It is a top ten book of the year for sure and maybe the best YA novel this year. If you like The Handmaid’s Tale and Vox, this book is for you.”

 

NO MAJOR SPOILERS

Billed as a feminist Lord of The Flies with shades of the Handmaids Tale, The Grace Year by Kim Liggett is a much anticipated YA release and I was delighted to get my hands on an advance copy to review.

The book tells the story of a young woman, Tierney, who is about to embark on her Grace Year, the year after reaching puberty, when all the young women of the town are sent to a remote location to rid themselves of their “magic” so that they will become suitable wife material, submissive to their husbands and dedicated to bearing and raising children, The setting of this book is left deliberately vague, we are given no indication of time or place, but while I did notice this, it did not bother me or hinder my enjoyment of the book, in fact if anything it lent it a universal feel, like it could be anywhere.

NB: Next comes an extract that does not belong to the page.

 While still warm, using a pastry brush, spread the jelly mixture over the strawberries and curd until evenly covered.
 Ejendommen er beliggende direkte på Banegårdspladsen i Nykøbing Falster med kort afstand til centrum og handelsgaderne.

While many of the young women are eager to marry and start their families, particularly if their prospective spouse is particularly handsome or high up in the towns hierarchy, this has never been Tierney’s dream. As one of several sisters, she has grown up as something of a tomboy, and her father’s favourite, given much more freedom than most girls and taught how to fish and hunt and about nature, she has a good chance of doing more than some girls on the Grace Year, and actually surviving.

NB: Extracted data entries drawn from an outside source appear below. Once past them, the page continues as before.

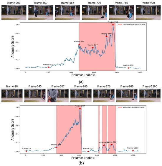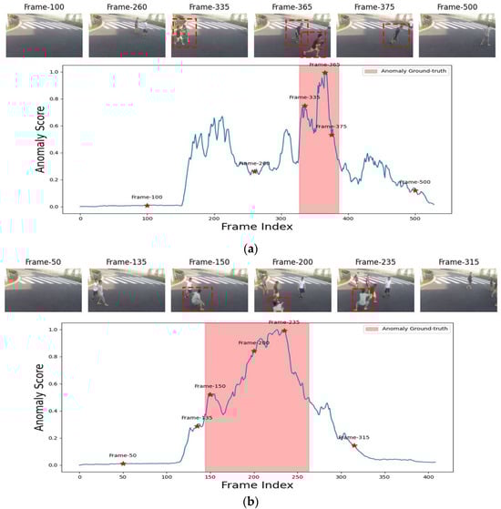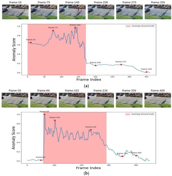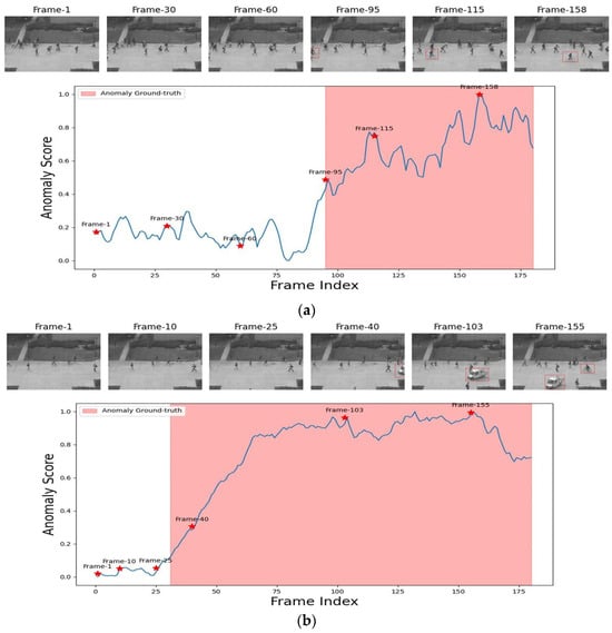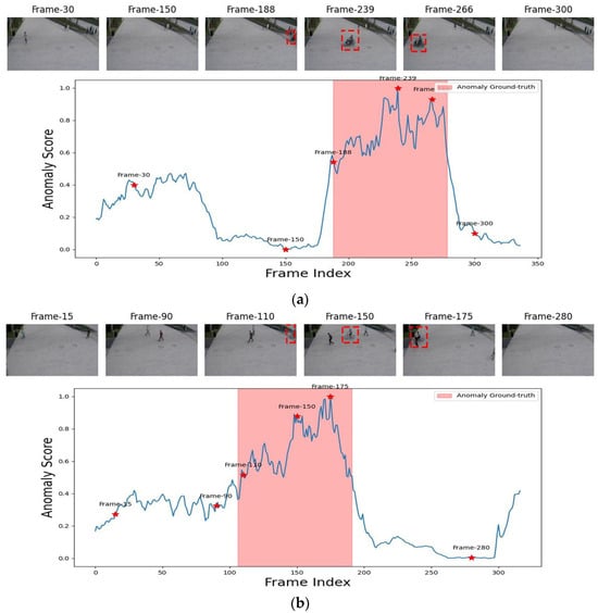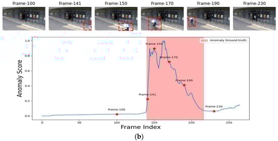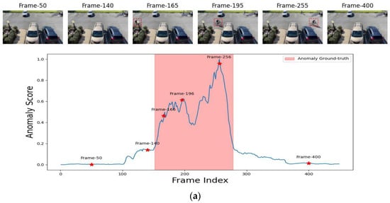 Figure 11b depicts a cyclist with an umbrella and shows that the anomaly score was extremely high when this anomalous event occurred. As a result, the above figures show that the model performed exceptionally well in detecting distinct anomalous events and objects in the three different datasets. It demonstrated its efficacy in differentiating between normal and abnormal events in videos by producing high anomaly scores for anomalous intervals and low scores for normal ones.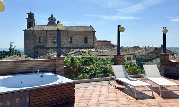 Large terrace equipped with table and chairs, deckchairs and awning, hydro-massage tub and panoramic view of the marvellous Marche hills.
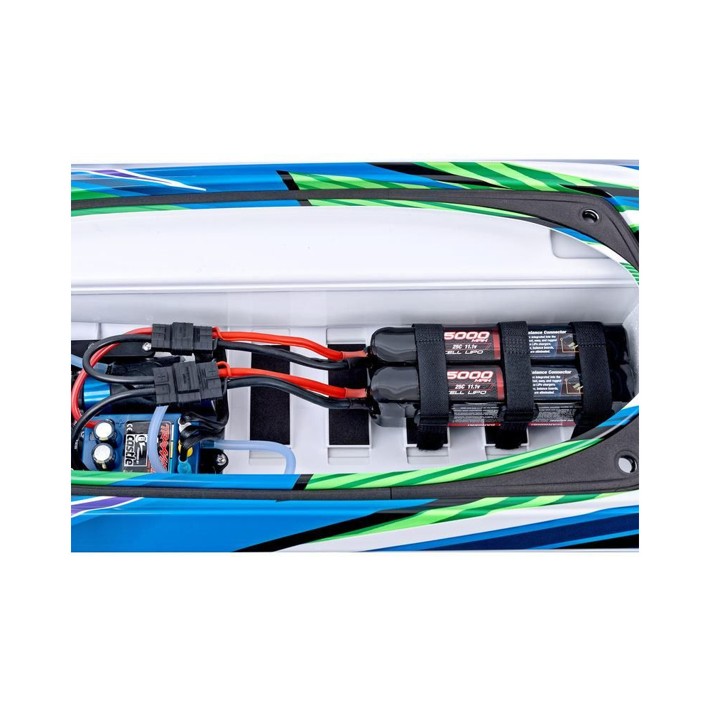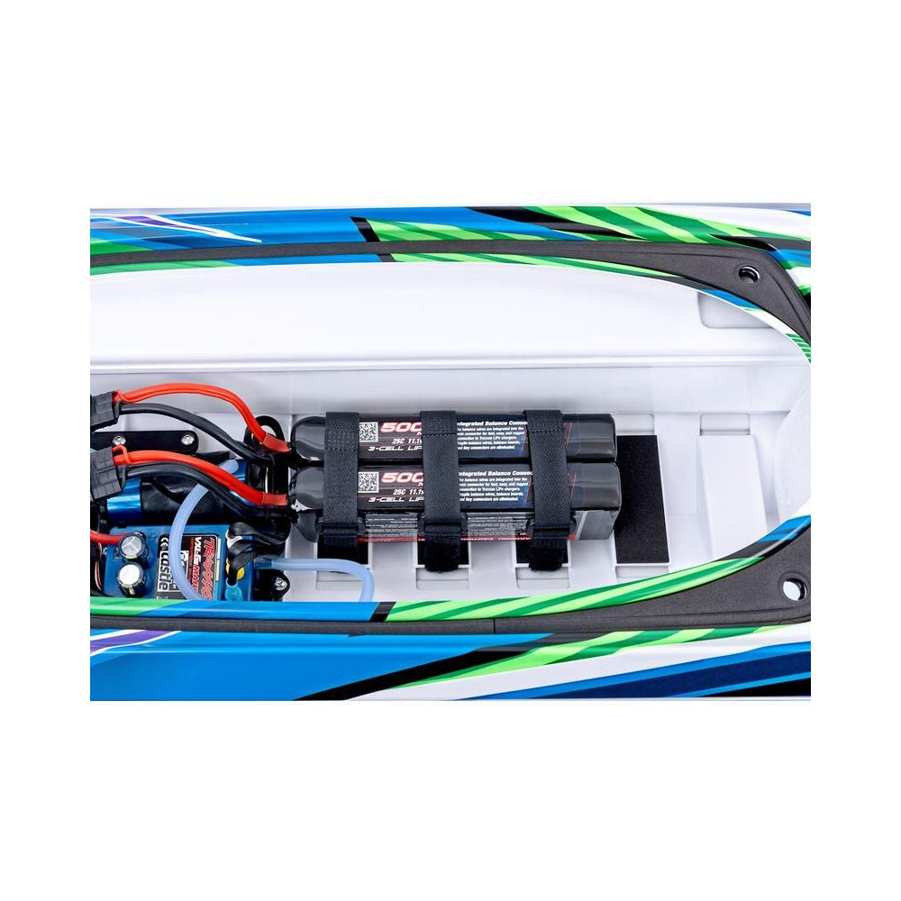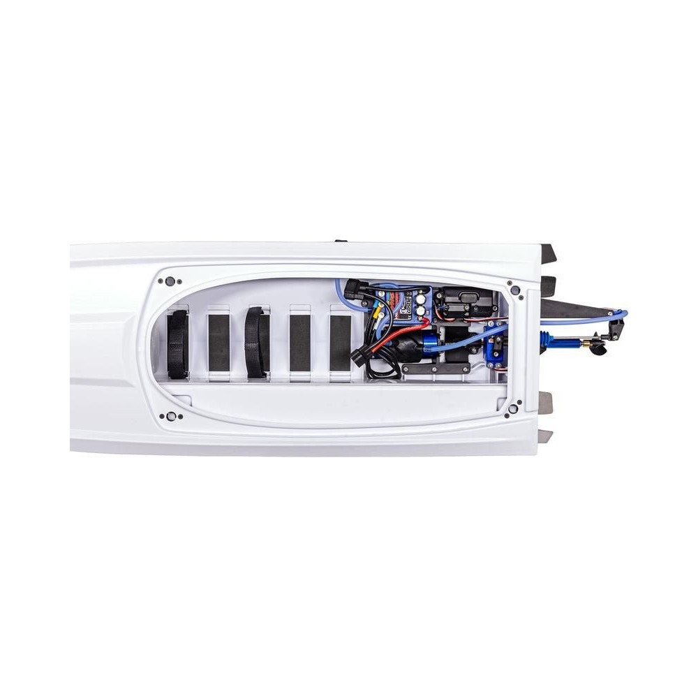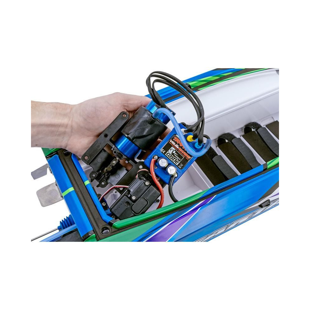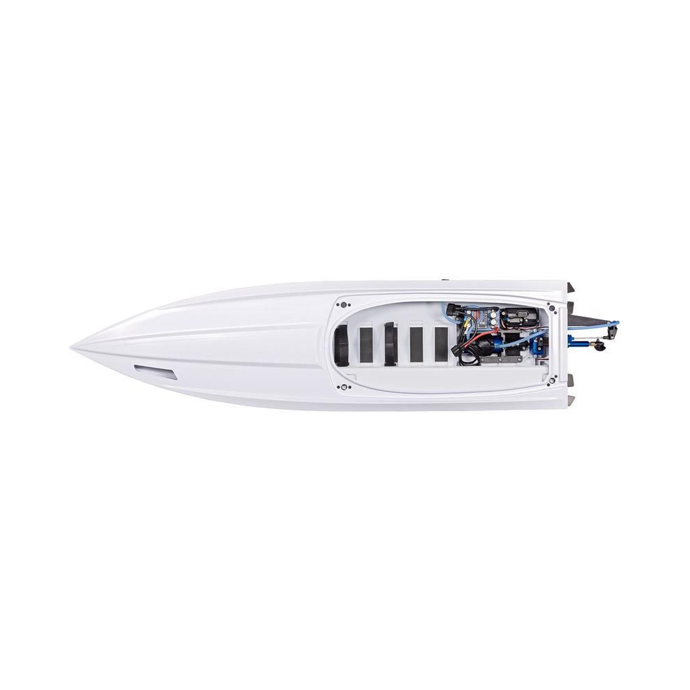 Rendkívül erős és gyors RC modell Traxxas Spartan SR 36" AC motorral és vízhűtéssel. Sebessége akár 80 km/h. Exkluzív auto-turn funkció felborulás esetén. Mély-V hajótest a precíz és gyors kormányzáshoz. Csatolásmentes borítás. TSM elektronikus stabilizátor.

As we learn more about the practice, it becomes apparent that the year is brutal, and that some will come back vastly changed while others will not come back at all, and not just due to illness. Poachers will hunt the girls if they try to leave their camp, and the black market value of the girls and even their body parts is high.

The majority of the book tells the story of Tierney’s time in isolation with the other girls, and in true Mean Girls fashion, a hierarchy soon evolves. As the girls spend more time together they start to experience strange happenings which they put down to their magic, the magic they must purge themselves of before returning home. When a conflict sees Tierney exiled from the camp she must risk the dangerous poachers, but it also helps her to understand more about what is really happening in the camp, and how she can change it.

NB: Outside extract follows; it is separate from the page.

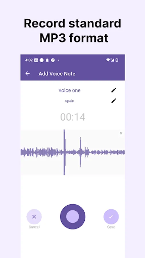 Voice Recorder & Voice Notes Mp3 recorder will turn your phone into a High quality audio recorder with the facility to record industry standard Mp3 format. Avoid losing important information and create notes during and after calls using our app.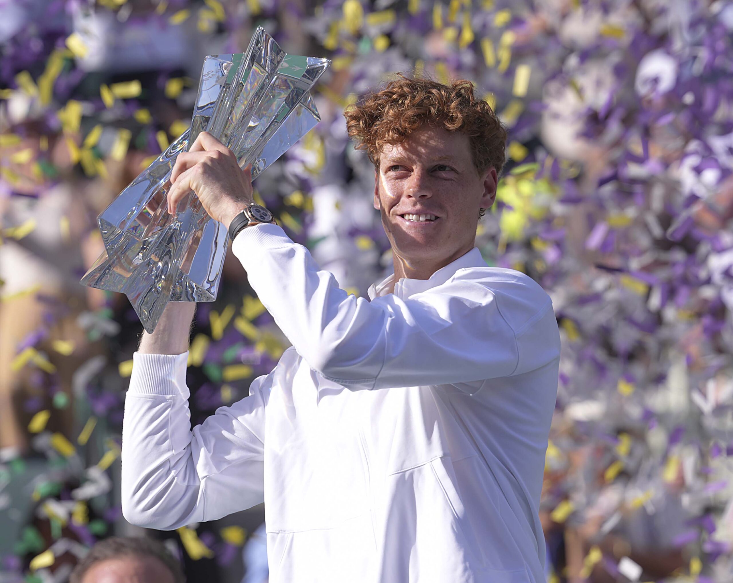 Main photo:- Jannik Sinner poses with Indian Wells trophy – by ISF Ltd

When help comes from an unexpected source, she begins to believe that she may survive the Grace Year after all Overall I really enjoyed this book, I loved the concept, and did not mind that there were shades of other books in the story, this felt new enough for me to overlook the influences.

Tierney was a good character, and I enjoyed following her as the story unfolded, though I wish some of the other characters had been just a little better fleshed out. The pacing is somewhat mixed, the book starts strong but definitely lags in the middle, in the section where Tierney leaves the camp and until she makes it back inside, then it picks up again and finishes strong.

The world building was good, which sounds a little counter intuitive since we don’t have a definitive setting, but I found the way the society was set up to be fascinating, and I would love to know more about how it reached the point at which we find it. There is a interesting air of mystery about what the Grace Year actually entails, the girls themselves have heard only snippets of rumors, and the women who come back never speak about their experiences, so wondering about what was really going on kept my interest in the book, even in the slower part.

I really loved the idea of women working together, and how rebellion can occur in the smallest and most unexpected ways, but I cannot say more without spoiling the book for other readers. I will add a note of caution, this book is quite graphic at times in its descriptions of violence and gruesome injuries, so that may be something to bear in mind for readers planning to pick it up. However it is never gratuitous and fells like it fits the story the author is telling. My only other minor complaint is that on a couple of occasions Tierney has to rely on a man to save her, and that, together with the resulting romance elements felt just a little jarring and out of place but not enough to spoil the book.

As for the ending, well it was simply perfect, but to know just why it was so good, you’ll have to read the book.